Task brief: Copy each line of the data below exactly, leaving out pictures.

━━━━━ Dataset extract ━━━━━

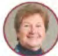
Barbara UNITED STATES
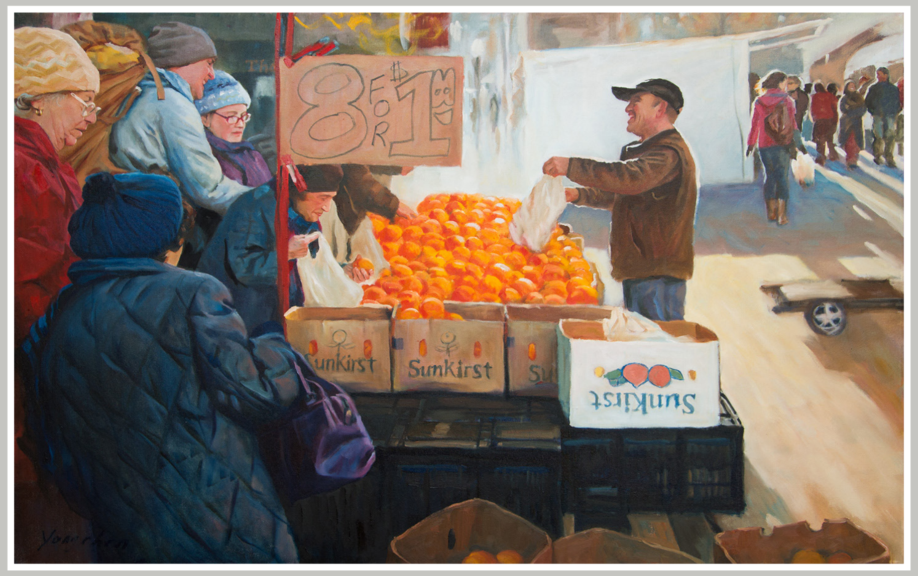
Farmers' Market 48x30 inches Oil on Canvas
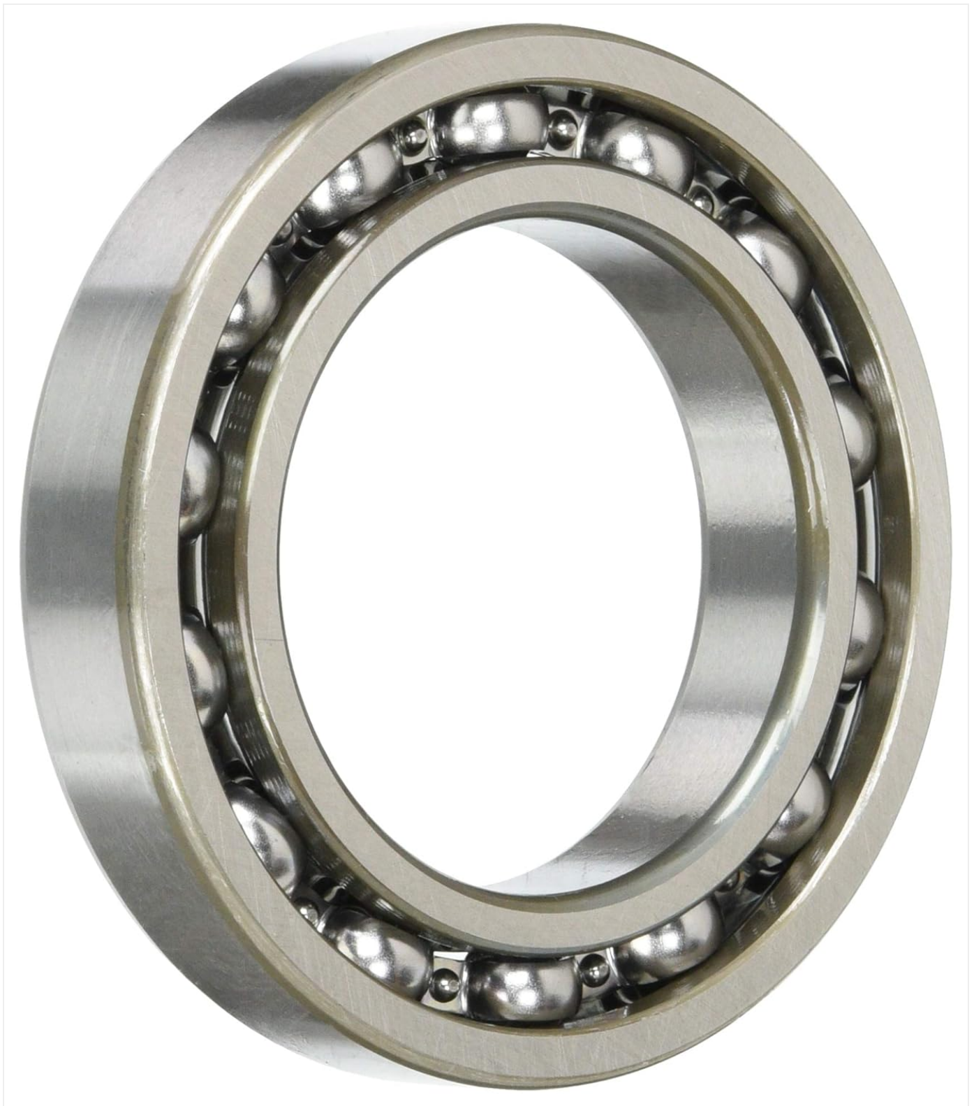
Figure 1: NTN 6012 Deep Groove Radial Ball Bearing. This image shows the bearing from a slight angle, highlighting the inner and outer rings, the steel balls, and the cage that spaces them evenly.

━━━━━

Reply to the task:
Barbara UNITED STATES
Farmers' Market 48x30 inches Oil on Canvas
Figure 1: NTN 6012 Deep Groove Radial Ball Bearing. This image shows the bearing from a slight angle, highlighting the inner and outer rings, the steel balls, and the cage that spaces them evenly.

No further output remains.